The latest version is 1.28.0

In order to upgrade, we suggest first upgrading for the latest of each release.

So for example:

1.26.5 → 1.26.12 → 1.27.8 → 1.28.0

Note that langchain already supports multi tenancy.

Here you can find a recipe I wrote myself with this exact scenario:

We have identified some issues when there is a lot of collections.

One of them, the startup time will grow according to the number of collections.

Also, each time you add a new collection, the graphql schema needs to be rebuild, so this can affect some queries on that endpoint.

Let me know if this helps!

Thanks!

Hi,

we have a sick Weaviate, and still need help figuring out what we can do.

The k8s liveness probe often restarts Weaviate when failing pings, and when it restarts it goes through some recovery process that takes an hour.
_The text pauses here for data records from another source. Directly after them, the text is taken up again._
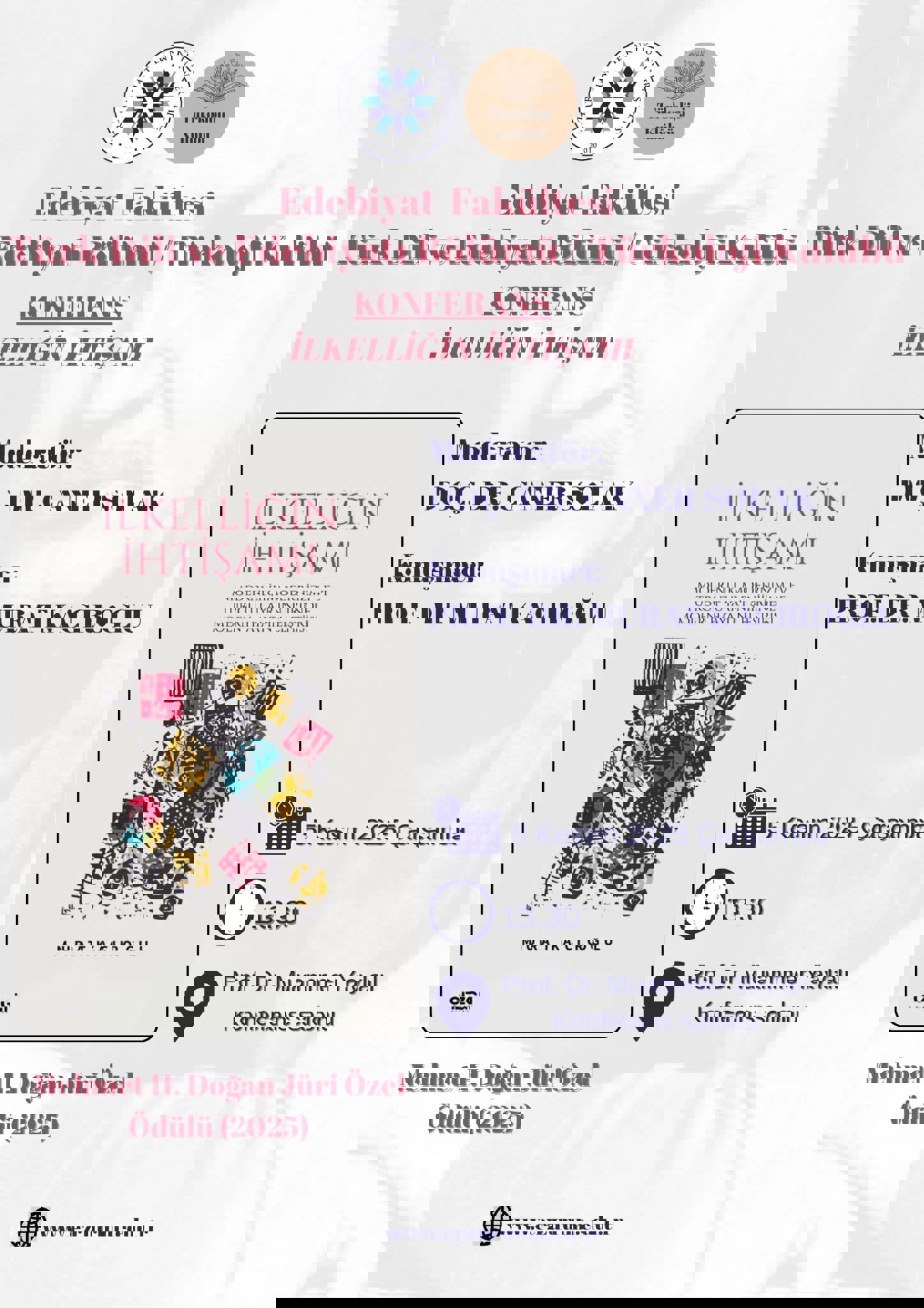 Doç. Dr. Caner SOLAK moderatörlüğündeki konferansta Prof. Dr. Murat KACIROĞLU'nun "Mehmet H. Doğan Jüri Özel Ödülü" (2023) almış olan "İlkelliğin İhtişamı" adlı eseri üzerine konuşulacaktır.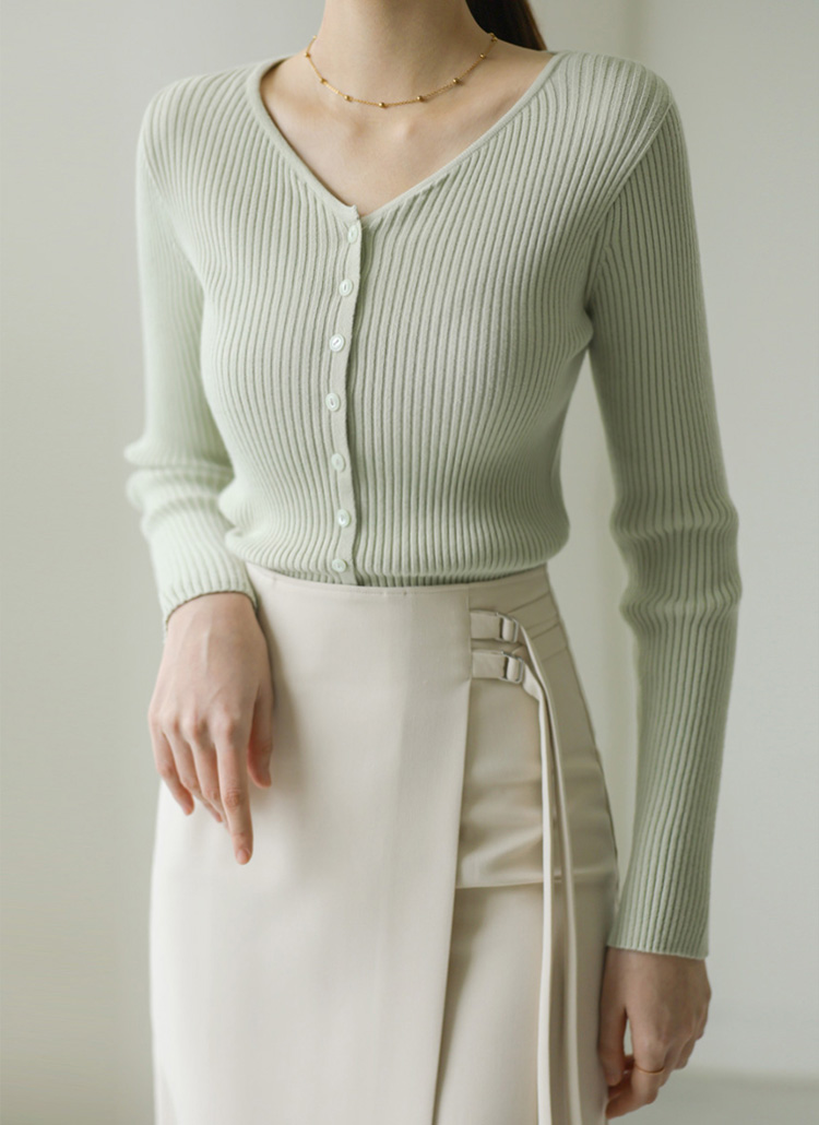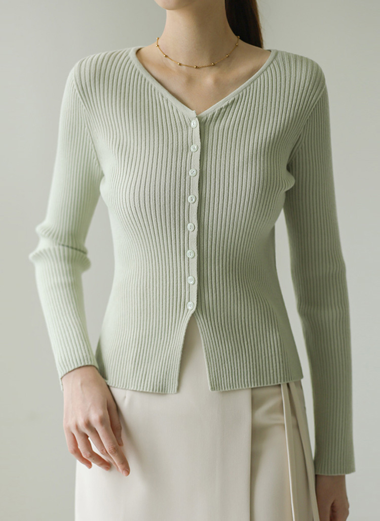 【4色展開】裾スリット Vネックリブニットカーディガン cd38937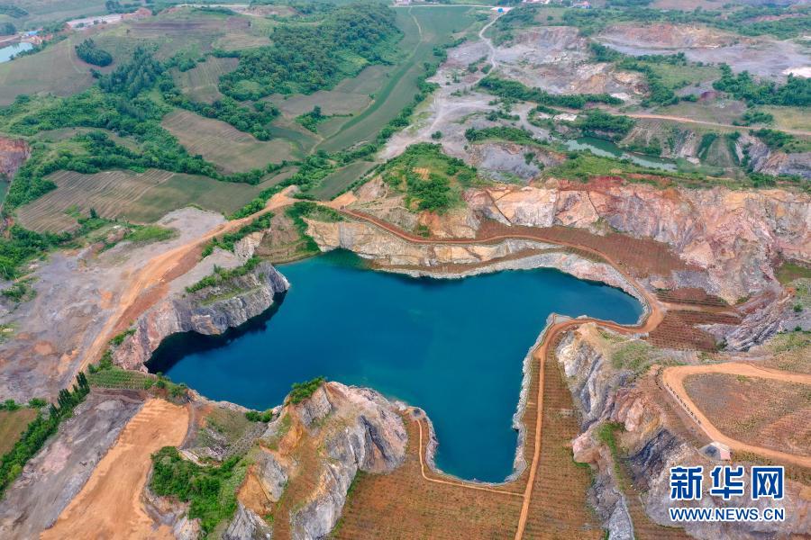 在四平市梨樹縣孟家?guī)X鎮(zhèn)馬家油坊村,實(shí)施礦山復(fù)綠生態(tài)修復(fù)工程后形成的“小天池”景區(qū)(2020年6月22日攝,無人機(jī)照片)。新華社記者 張楠 攝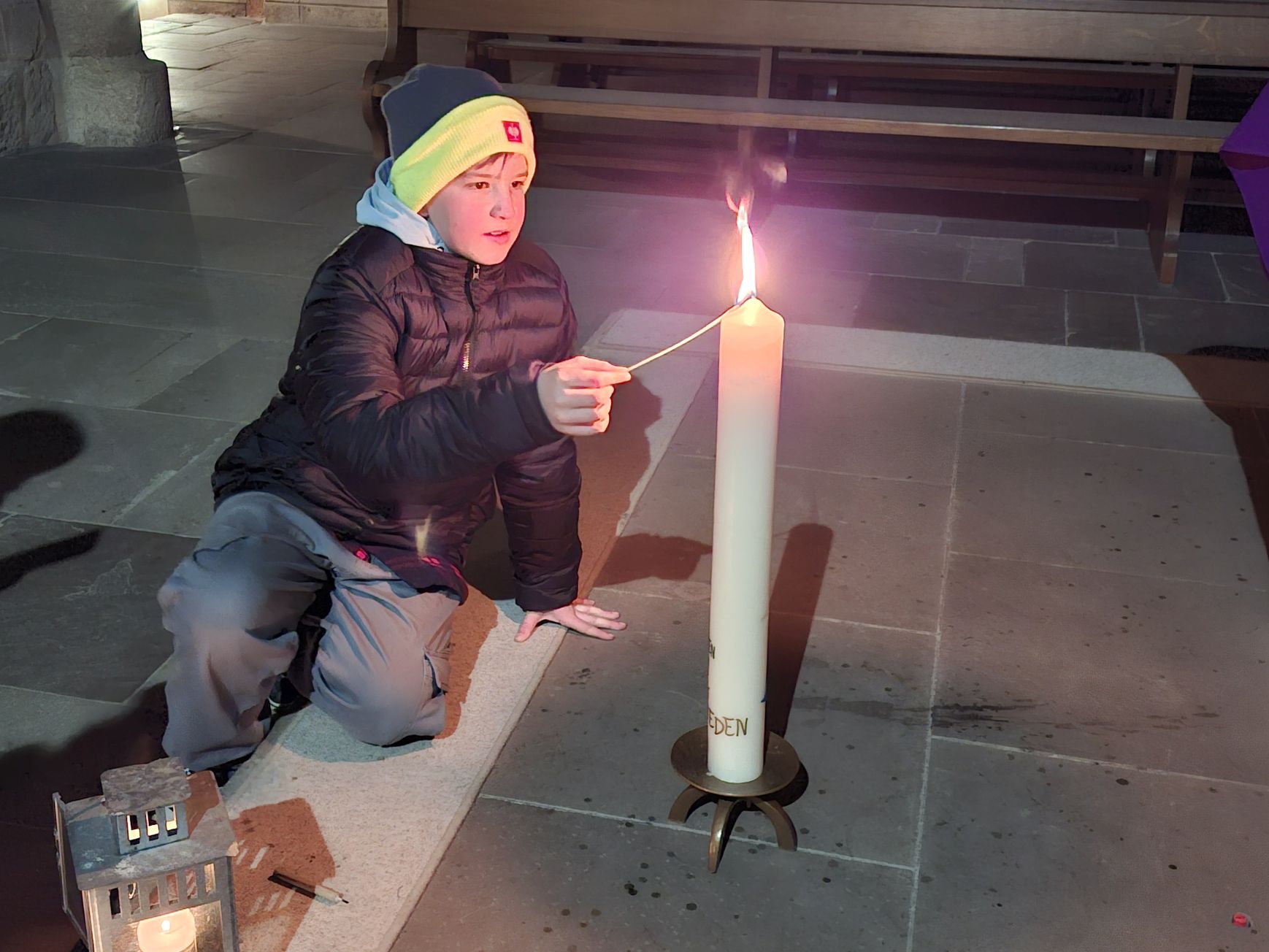 Anton Möller hat mit seiner Mutter Melanie und seinen Großeltern Rita und Reiner Wald in Fulda das Friedenslicht in Empfang genommen und nach Rasdorf gebracht. „Ein Funke Mut“, so das diesjährige Thema, betont die Notwendigkeit, den Frieden in sich selbst zu finden und weiterzugeben. Die Pfadfinderinnen und Pfadfinder der Deutschen Pfadfinderschaft Sankt Georg im Bistum Fulda (DPSG) und der Verband Christlicher Pfadfinderinnen und Pfadfinder in der Landeskirche Kurhessen-Waldeck (VCP) übergaben es in einem ökumenischen Gottesdienst im Fuldaer Dom.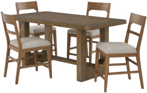 Define your space with inviting warmth and functional design. The Cabalynn set anchors your dining area with a counter-height rectangular table and six upholstered stools—perfect for family meals or gathering with friends.Read More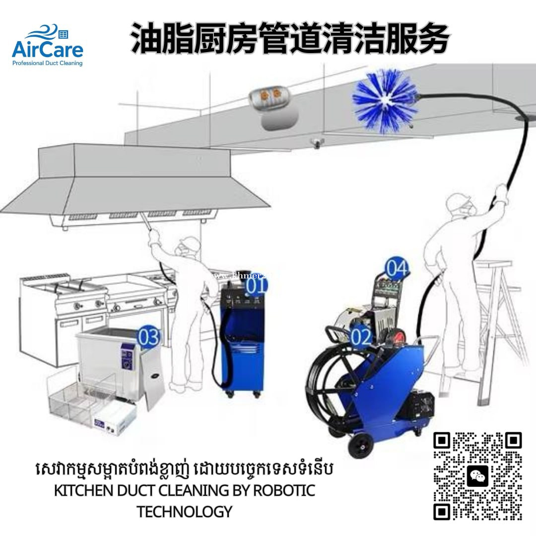 ជំនាញសម្អាតបំពង់ខ្លាញ់ hood duct cleaning ដោយម៉ាសុីន Robo ពីអឺរ៉ុប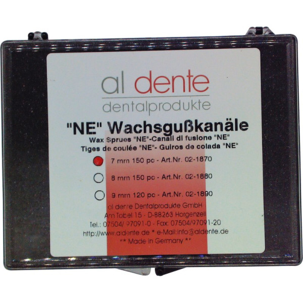 Strömungsgünstigste Form des Gusskanals. Homogeneres Gussgefüge ohne Lunker. Guss-Sticks "NEM" mit Kopfdurchmesse 7-9 mm und vergrößertem Kanalquerschnitt für Vakuumdruckguss sowie edelmetallreduzierte und NEM-Legierungen. Guss-Sticks "EM" mit Kopfdurchmesser 6-8 mm für Edelmetalllegierungen. Packung 150 Sticks NEM, 7 mm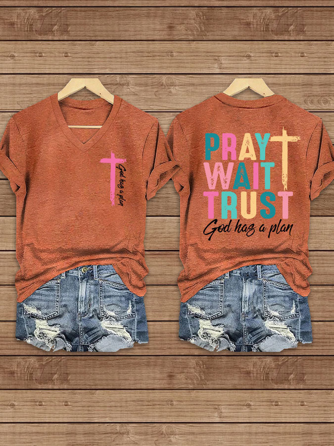 Women's Pray Wait Trust Printed Casual T-Shirt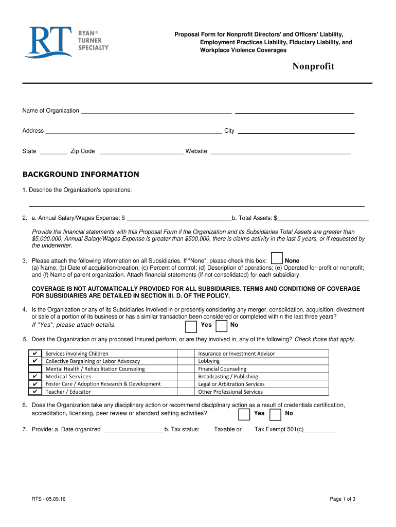 Proposal Form for Nonprofit Directors and Officers Liability, Employment Practices Liability, Fiduciary Liability, and Workplace Violence Coverages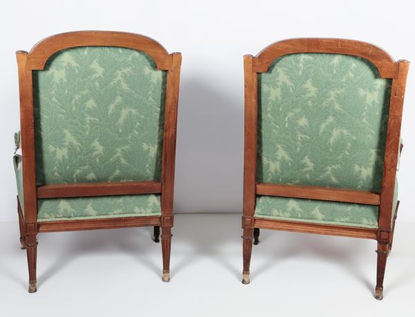 Pair of antique French Bergère armchairs in mahogany with Louis XVI motif carvings, green fabric covering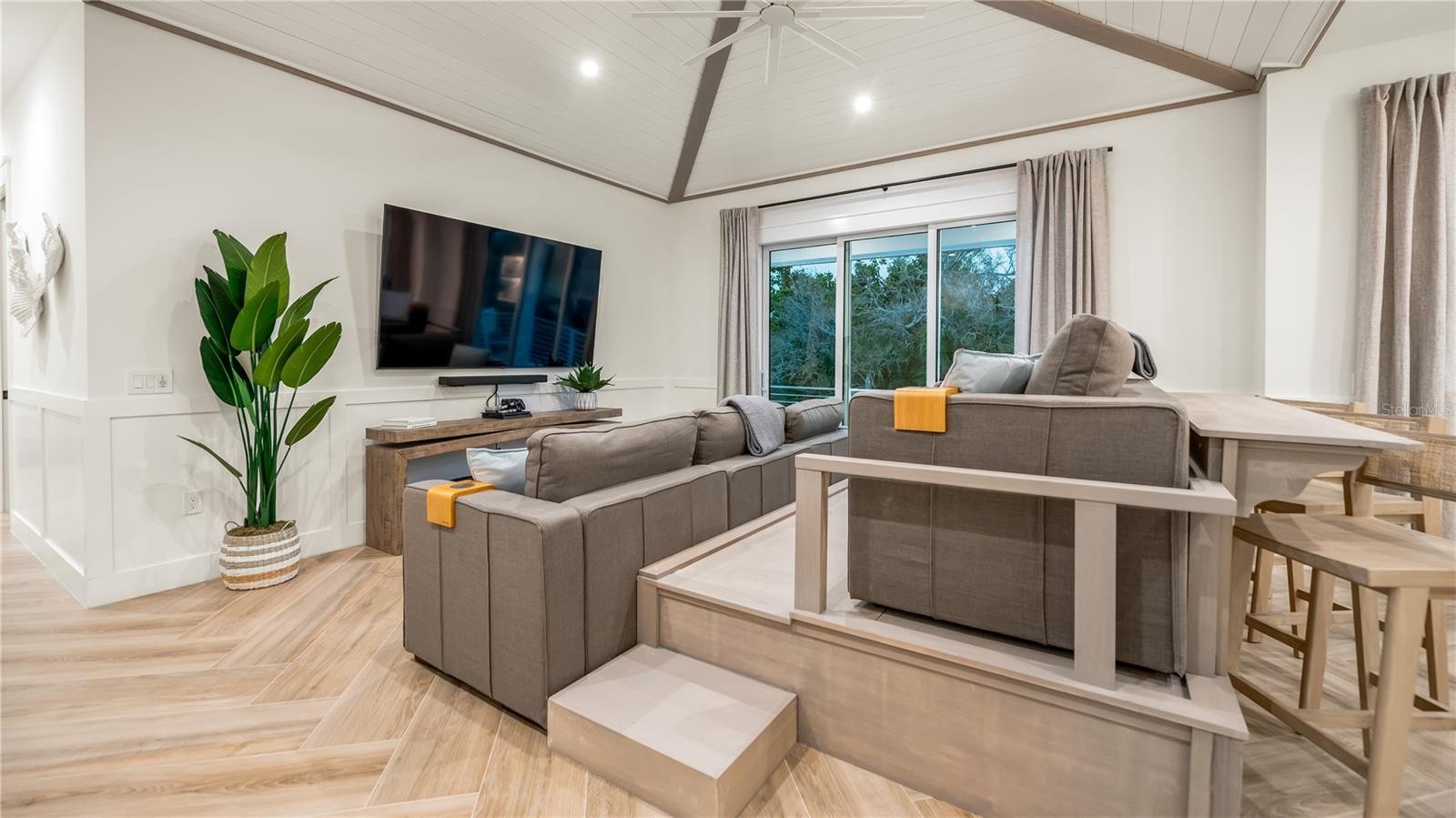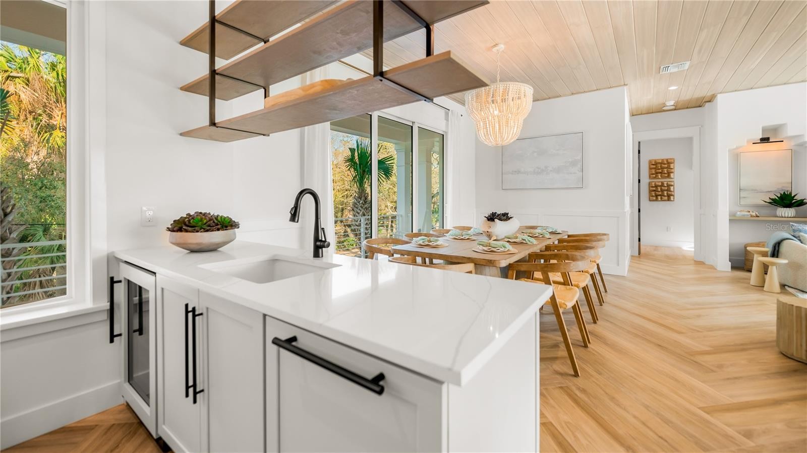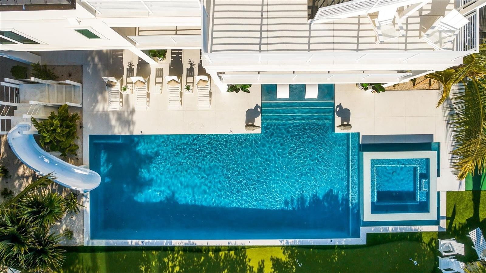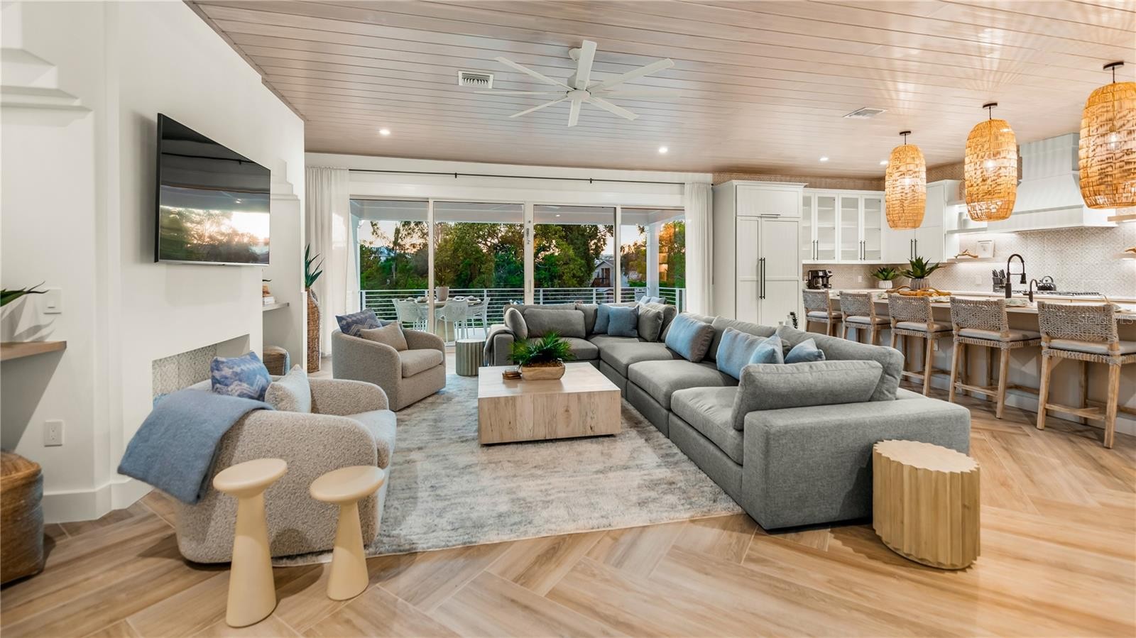 There is only one — Siesta Sun Sets. Set against the quiet backdrop of Sabal Lake, with glimpses of the Gulf beyond, this residence unfolds with a sense of irresistible intention. Influenced by West Indies architecture, the design blends expansive indoor-outdoor living with natural textures, layered spaces, and a palette that mirrors its surroundings — soothing, sun-washed, and enduring. Across more than 4,000 square feet, the home offers seven incredible en-suite bedrooms and multiple living areas designed for both gathering and restful retreat. The great room anchors the experience, where kitchen, dining, and living spaces open outward to twin balconies — one overlooking the extensive grounds, the other framed by mature oaks, offering a quiet contrast of shade and light. Above, a private club level introduces a more intimate setting — a theater-style lounge, additional suites, and access to the rooftop deck. It is here, at the highest point of the home, that the name reveals itself. As day transitions to evening and the Gulf reflects gold, the softening sky reveals stunning sunsets, becoming the backdrop against which you count your blessings. Below, the grounds are equally considered. A multi-sport court — rare in both scale and versatility — sits alongside a resort-style pool and 360-degree spillover spa, creating a setting as seductive as it is serene. Covered outdoor living spaces extend the home’s presence, offering multiple areas for dining, gathering, and quiet retreat, all within a private, fully enclosed landscape. Siesta Sun Sets is not defined by any one feature, but by the way it brings them together — water, light, elevation, and space — into a residence that feels both grounded and removed, exclusive and secluded. A masterwork of resilient engineering and high-end coastal construction, this estate is architecturally primed to withstand coastal elements while serving as a premier venue for grand-scale entertaining and lucrative seasonal retreats. More than a home, Siesta Sun Sets is part of an exclusive Vunique collection with a proven history of strong rental performance — each residence one-of-one, purpose-built to balance bold design and bespoke experience. Here, ownership transcends address; it becomes a mark of belonging to something beautifully uncommon.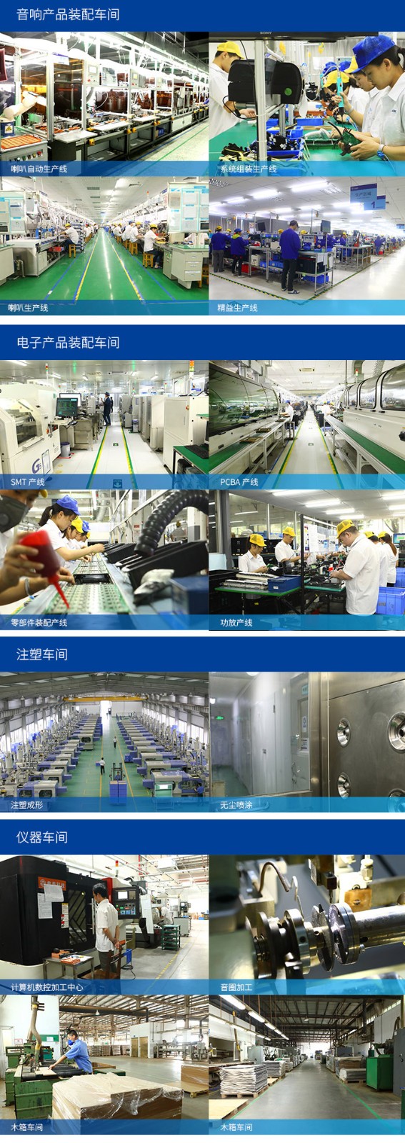 公司具有从扬声器关键零部件,到扬声器单元、音箱系统及电子功放一体化的综合配套能力,六十九年的历史、六十九年的专注、六十九年的积淀凝聚了一批优秀的电声行业管理及研发人才,形成了自己独特、有效的科研攻关体系,建立了一支技术专业齐全、综合实力雄厚的研发队伍。685名研发人员,246项专利设计(国内)+6项国外专利,每年开发200多项新产品,设备先进的消音室、声学测试中心,297条各类音响产品生产线,扬声器日生产能力19万只,系统制造日生产能力7.8万套,锂离子电池日生产15万只的生产能力让国光能够满足市场不同领域和不同客户的研发和生产需求。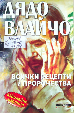 ЦБ 47898 ДЯДО Влайчо : Всички рецепти и пророчества : Юбилейно изд. / Подб. и състав. Яна Борисова. - София : Millenium, 2021. - 176 с.: с ил. ; 20 см Името на състав. отбелязано на гърба на предзагл. с. - Пълното име на Дядо Влайчо е Влайо Жечев. - Юбил. изд. - Библиогр. с.: 173. ISBN 978-954-515-565-9 (Милениум) Сист. N: 157904 |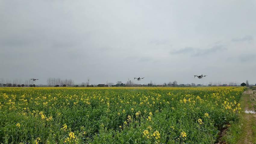 作业现场,多架植保无人机在连片的油菜田上空来回穿梭。在技术人员熟练的操作下,硼肥、磷酸二氢钾、氟唑菌酰羟胺等科学混配的药肥,被雾化均匀喷洒在油菜花蕊和叶片上。植保服务队将抢抓近期的有利天气,对久合垸乡片区的1万余亩油菜田进行无人机统防统治,实现药肥同施、提质增效。

How can we diagnose this? We do likely have lots of collections, what’s a quick way to clean that up, since I think most of them are unimportant?

We are also struggling with the “leader not found” problem still, it seems to happen when Weaviate has been idle for a while, and suddenly wakes up.

One thing we’re trying to do is deleting collections from the file system (mounted on /var/lib/weaviate), but Weaviate keeps recreating them. How can we prevent that?

hi @Stefan_Edlund !!

Deleting from the file system is not advisable :grimacing:

You can try increasing the readiness probes on k8s, allowing Weaviate enough time to start up. Because of the number of collections and resource allocated, it can take quite some time.

Then you clear all collections you can, deleting them using the client, not remove from filesystem.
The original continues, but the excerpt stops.